A magnified view of the acyl chain fragmentation is shown in the right panel of Figure 2. Calculating the difference between the fragments reveals that double bonds are present at the C6 and C9 positions. This information completes the characterization of this lipid compound as PC(16:0/18:2 (∆6,9)).
When using CID fragmentation, the head group fragments of sphingomyelin and phosphatidylcholine are the same. It can be seen in Figure 3 that both types of lipids will provide a characteristic choline headgroup fragment of m/z 184.0769 and m/z 184.0739, and it is impossible to directly confirm which lipid these fragments belong. Often, researchers will infer SM and PC identity based on odd and even precursor m/z values, respectively. However, this approach is unreliable due to isobaric overlap and can result in errors. For example, a PC can be falsely identified or sometimes overreported, as it will appear as the C13 isotope of SM if proper deconvolution is not performed.

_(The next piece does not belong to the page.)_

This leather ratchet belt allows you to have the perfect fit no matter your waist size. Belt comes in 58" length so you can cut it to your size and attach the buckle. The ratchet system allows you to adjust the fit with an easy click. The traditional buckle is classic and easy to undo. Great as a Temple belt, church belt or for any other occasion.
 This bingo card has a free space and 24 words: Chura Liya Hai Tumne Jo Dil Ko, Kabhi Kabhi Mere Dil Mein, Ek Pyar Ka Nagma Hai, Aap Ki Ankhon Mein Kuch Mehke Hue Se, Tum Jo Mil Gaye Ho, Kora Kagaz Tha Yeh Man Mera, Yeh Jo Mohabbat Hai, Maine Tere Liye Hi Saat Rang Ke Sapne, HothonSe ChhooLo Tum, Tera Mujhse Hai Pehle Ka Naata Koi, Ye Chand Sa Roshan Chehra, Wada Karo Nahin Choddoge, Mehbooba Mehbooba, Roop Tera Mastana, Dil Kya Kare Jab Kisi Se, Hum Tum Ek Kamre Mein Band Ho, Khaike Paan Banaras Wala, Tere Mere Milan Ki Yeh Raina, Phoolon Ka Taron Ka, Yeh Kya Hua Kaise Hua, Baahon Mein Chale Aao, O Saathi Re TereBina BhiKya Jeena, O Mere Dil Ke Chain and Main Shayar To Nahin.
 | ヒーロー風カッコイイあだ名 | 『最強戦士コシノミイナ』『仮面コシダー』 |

The use of EAD fragmentation generates distinctive fragments that allow lipid species to be properly identified. The sphingosine backbone of SM produces 2 peaks at m/z 225.1015 and m/z 253.1081.6 This is pattern is unique to SM and unlike the C-O doublet that characterizes the glycerol backbone of PC (Figure 1). Figure 4 illustrates the full characterization of the SM(d18:1/18:1(d9)) standard. The left panel shows the full spectrum for the SM standard, including fragments indicative of the amide-linked backbone, specifically sphingosine, along with the localization fragments for the sn-1 and sn-2 chains. Magnified on the right panel indicates the presence of a double bond at the C9 position on the sn-2 chain.

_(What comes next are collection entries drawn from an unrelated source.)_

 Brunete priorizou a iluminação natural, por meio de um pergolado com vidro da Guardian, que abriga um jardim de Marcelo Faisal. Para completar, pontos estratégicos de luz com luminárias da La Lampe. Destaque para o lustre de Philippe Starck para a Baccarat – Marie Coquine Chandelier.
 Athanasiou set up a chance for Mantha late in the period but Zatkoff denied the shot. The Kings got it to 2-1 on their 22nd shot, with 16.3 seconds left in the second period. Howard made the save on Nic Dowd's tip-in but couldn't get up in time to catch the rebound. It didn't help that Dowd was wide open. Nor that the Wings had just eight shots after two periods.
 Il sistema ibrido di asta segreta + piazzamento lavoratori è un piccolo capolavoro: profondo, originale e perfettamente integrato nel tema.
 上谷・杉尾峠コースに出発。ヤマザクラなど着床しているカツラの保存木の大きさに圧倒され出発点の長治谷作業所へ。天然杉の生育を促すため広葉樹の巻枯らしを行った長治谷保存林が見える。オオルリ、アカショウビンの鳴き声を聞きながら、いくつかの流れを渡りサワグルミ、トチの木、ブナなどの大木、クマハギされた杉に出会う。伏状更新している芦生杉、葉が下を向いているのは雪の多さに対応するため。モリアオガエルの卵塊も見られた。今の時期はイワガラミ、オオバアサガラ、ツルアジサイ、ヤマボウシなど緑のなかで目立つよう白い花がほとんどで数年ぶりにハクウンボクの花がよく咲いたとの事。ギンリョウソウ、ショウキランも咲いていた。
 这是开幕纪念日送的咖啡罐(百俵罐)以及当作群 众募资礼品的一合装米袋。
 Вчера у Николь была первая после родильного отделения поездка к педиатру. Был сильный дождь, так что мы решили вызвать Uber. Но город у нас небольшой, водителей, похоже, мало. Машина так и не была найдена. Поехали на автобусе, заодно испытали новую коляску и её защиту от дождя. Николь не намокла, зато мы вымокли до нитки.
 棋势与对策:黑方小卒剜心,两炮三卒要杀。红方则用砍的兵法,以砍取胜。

To evaluate capabilities of characterization of an endogenous SM extracted plasma was analyzed. The lipid shown in Figure 5 can be identified as a SM by the fragments at m/z 184.0838, m/z 225.1015 and m/z 253.1075, but this lipid could be SM(d16:0_18:1), SM(d16:1_18:0), SM(d18:0_16:1), SM(d18:1_16:0), etc. The diagnostic ions produced at m/z 447.3151 and m/z 463.3363, shown in the left panel of Figure 5, reveal that the sphingosine chain is d18:1 and the sn-2 fatty acid chain is 16:0. Calculating the m/z difference between the fragments in the right panel confirmed that the sn-2 fatty acid chain does not have any double bonds. The lipid compound detected in plasma was therefore identified as SM(d18:1/16:0).
The use of electron activated dissociation (EAD) fragmentation on the ZenoTOF 7600 system generates rich lipid structural information, which enables complete structural identification. The fragmentation spectra generated with EAD enabled the differentiation of PC and SM lipid standards compared to conventional CID. The Zeno MS/MS functionality provides significant MS/MS sensitivity gains that enables localization of the double bond(s). This approach successfully generated data that were used to identify phosphatidylcholine (PC) and sphingomyelin (SM) lipids in complex plasma samples.